As we headed out for the first race of the day, the conditions seemed ideal for that superstitious 13th race that had been postponed the day before.  The gun went off to start the race and ETNZ took the lead.  This could be it!  But then the wind died - not completely - but enough to slow everything down, really slow it down.  ETNZ had a significant lead over OTUSA and would have easily won the race but there was a time limit of 40 minutes per race.  ETNZ was on the last leg with just over one nautical mile to go and was heading for the finish line when time, like the wind, ran out.  This was devastating.  For the last several days we were fighting against too much wind and had to postpone races.  Just yesterday OTUSA had asked to change the rules to a higher wind limit.  Today there wasn’t enough wind for ETNZ to finish the race and also the regatta as they would have received that last needed point for the overall win.  This was unbelievable.  My heart sank for ETNZ.  They were so very close and yet too far.
We worked our way back to the start line.  Somehow ETNZ had to put that last race behind them - get it out of their heads and focus on yet another attempt at Race 13.  Sailing is not only a physical sport but a very mentally challenging sport as well.  I had to admire the gumption, drive, desire, dedication and determination of ETNZ in those moments between the races that day.  The Race Committee started Race 13 for the third time and it proved to be an unlucky race for ETNZ.  After too much wind yesterday and the race being postponed, to too little wind today and the race exceeding the time limit, the third time was a charm for OTUSA who on that third try crossed the finish line first.  The score was now ETNZ 8 (match point) and OTUSA 3, having actually won 5 times since they started the regatta with a two point penalty.  

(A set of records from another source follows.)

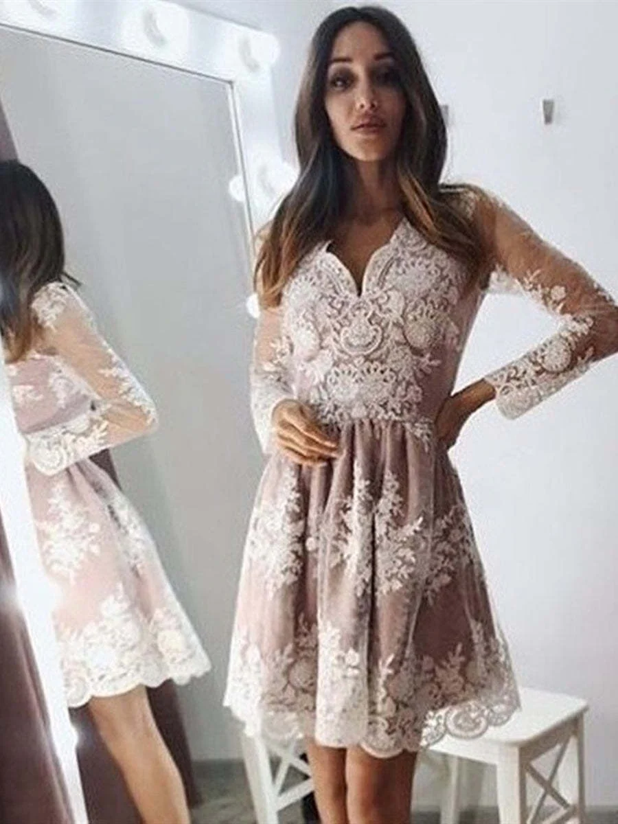 Elegant Champagne Lace Short Prom Dress with Long Sleeves & V-Neck Design
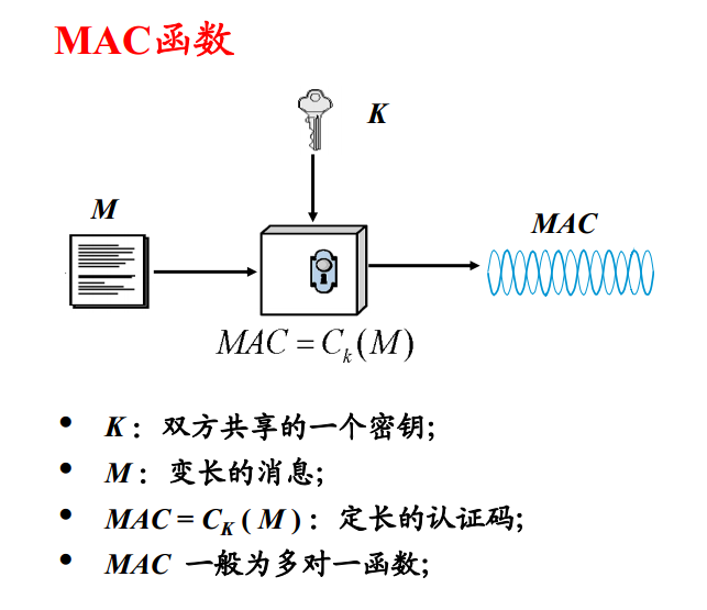在开放的计算和通信世界(例如Internet)中,我们会使用不可靠的媒介传输和存储信息。而对信息完整性(integrity)的校验在某些情景下就十分重要。基于密钥作完整性校验的方法常称为MAC(Message Authentication Code)。通常MAC在共享密钥的双方之间,校验相互传递的信息。
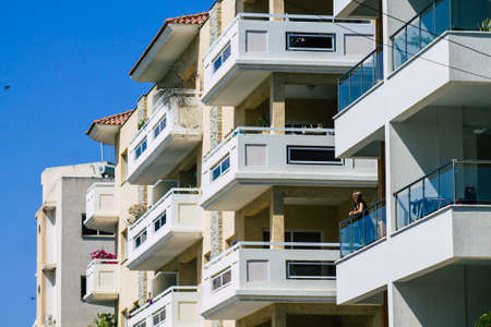 Limassol Cyprus April 18, 2020 View of a facade of a modern building in the streets of Limassol in Cyprus island
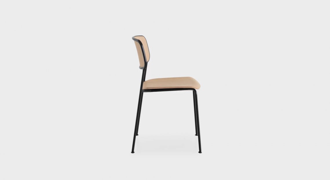 Ti siedi e pensi solo cose belle. E con la stessa felicità grafica, Hee Welling ha immaginato una linea continua, bianca o nera, che unisce ogni parte della nuova splendida KISAT. I materiali si alternano con virtuosismo tecnico, e lo schienale, inserito in una cornice di alluminio pressofuso, diventa una seduta di assoluto comfort, per trasformarsi nelle quattro basi d’acciaio inossidabile verniciato a polveri. Spalliera e seduta sono in legno di rovere o rivestiti di tessuti di vari colori. Impilabile, versatile, questa sedia infonde eleganza e scioltezza a ogni ambiente, dall’ufficio alla ristorazione, alla casa, al nostro cuore.
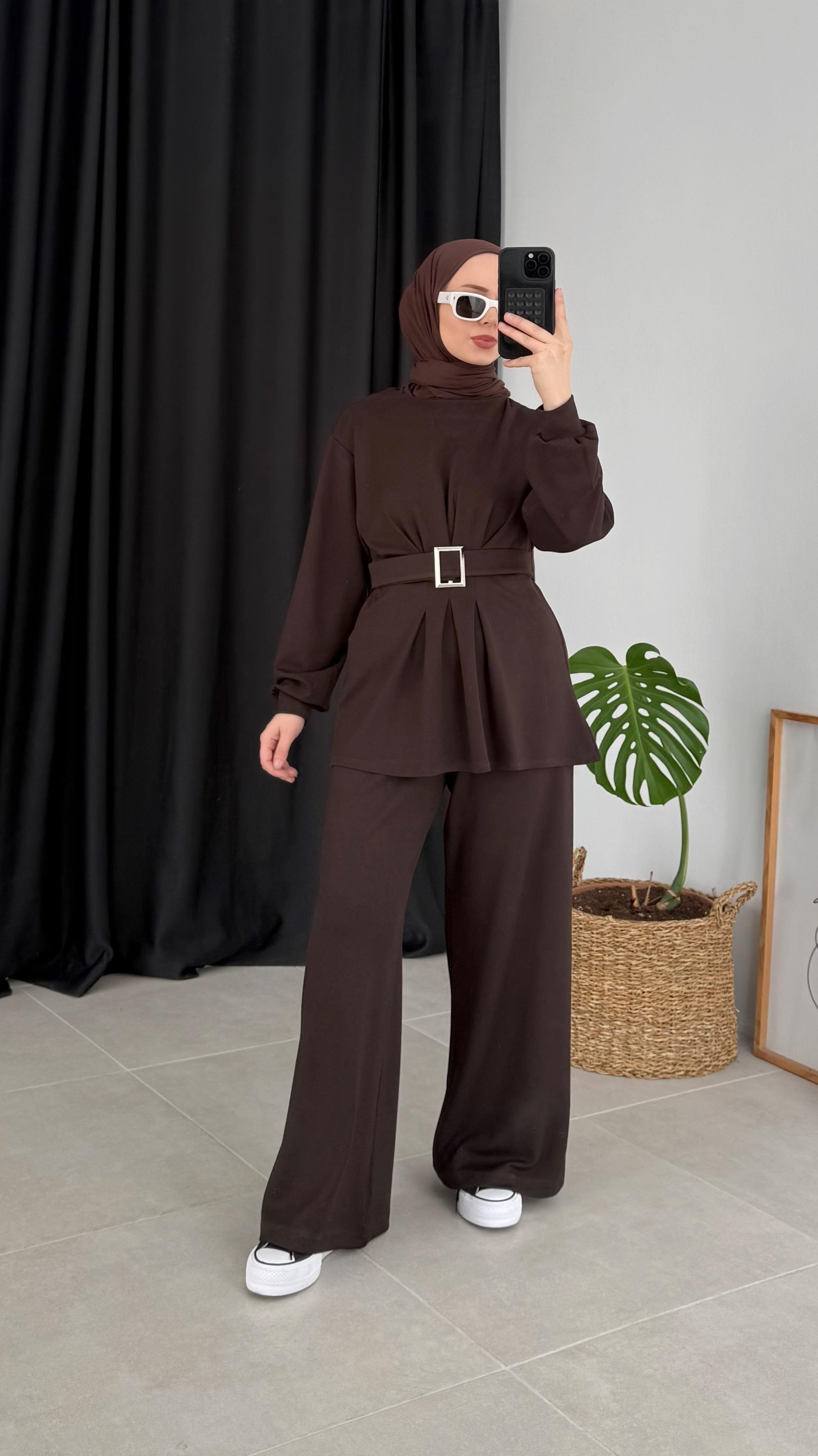 Holon Kuşaklı Pileli Oysho Kahverengi Takım (1825)
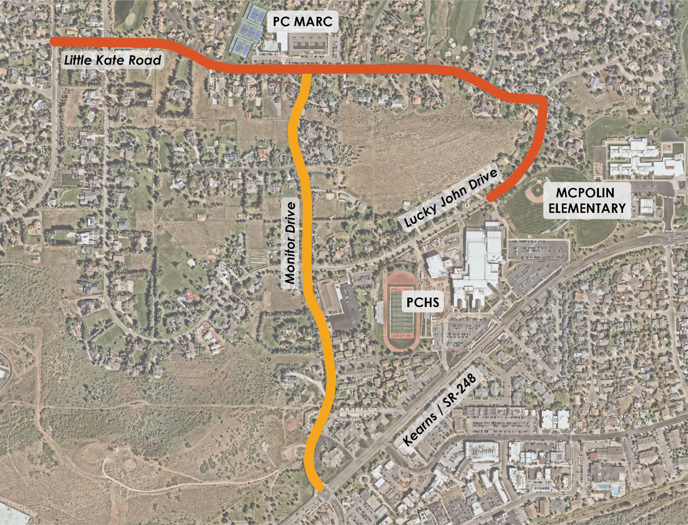 These enhancements will begin at the Monitor Drive and Kearns Boulevard (SR-248) intersection and end at the intersection with Little Kate, adjacent to the PC MARC intersections. Crossings along these segments of roadway will be enhanced to improve pedestrian visibility and slow vehicle traffic.
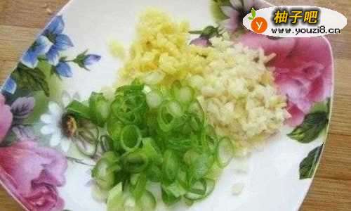 2辣椒、葱切圈、姜蒜切末,胡萝卜、黑木耳泡发切丝;
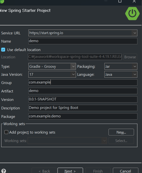 스프링 부트 버전 및 의존성 라이브러리들 설정 - Finish
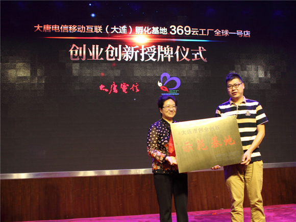 9月8日上午,大唐電信移動互聯(大連)孵化基地旗下369云工廠1號店舉行“大連市創業創新示范基地”授牌儀式。大連市常務副市長曹愛華、共青團大連市委書記趙宏、中共中山區委書記郝明、中山區區長張淑華,大唐電信總裁王鵬飛、大唐電信副總裁楊勇,以及部分青年創客代表共同出席了授牌儀式并參觀了369云工廠。
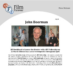 The BFI bestows its highest honour to John Boorman with a presentation of a BFI fellowship
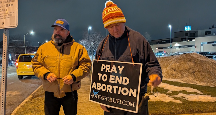 Angela and her 40 Days for Life team on the Canadian side of Niagara Falls pray in front of a hospital.

At the press conference that afternoon OTUSA Skipper Jimmy Spithill was quick to remind the media of how his crew had been put together only four days before the event started.  He reminded everyone of how OTUSA had lost their wing trimmer as he had been banned from sailing in the event.  He also reminded everyone how OTUSA had started the regatta two points behind.  He neglected to mention that each of these obstacles for his team were put into place due to a cheating scandal based on the America’s Cup World Series.  Was this just selective memory on Spithill’s part or was he setting up the media with the excuses to be used when OTUSA lost the Cup?  Or perhaps these were just more mind games coming from Spithill. His opponents had to be feeling bad enough, having had the Cup within their grasp during today’s first race only to have the clock run out.  Now they were being reminded of the hardships the OTHER team was facing.  Mind games indeed.

The press conference ended on the topic of skill, superstitions and luck.  It was the kiwi’s who responded the most with Ray Davies, tactician for ETNZ, stating that he believed that luck beats skill every time and skipper Dean Barker voiced that you never walk away from luck.  I wondered if they were wearing red socks.

That night was yet another concert at the America’s Cup Pavilion.  Tonight’s headliner was Edward Sharpe and I had received tickets to the show.  I made my usual stop at Pier 23 that afternoon before the show but the shift that had been occurring all day had hit Pier 23 as well, as the usual suspects were nowhere to be found.  It was oddly quiet that afternoon.  Something in the air had definitely changed and there was that front that was about to move through.  It almost seemed as though someone had been manipulating the weather and race conditions until OTUSA was able to win Race 13.  Could there be software to do such things and if so, who might have the money to develop such a thing?  Yes - I did wonder about this.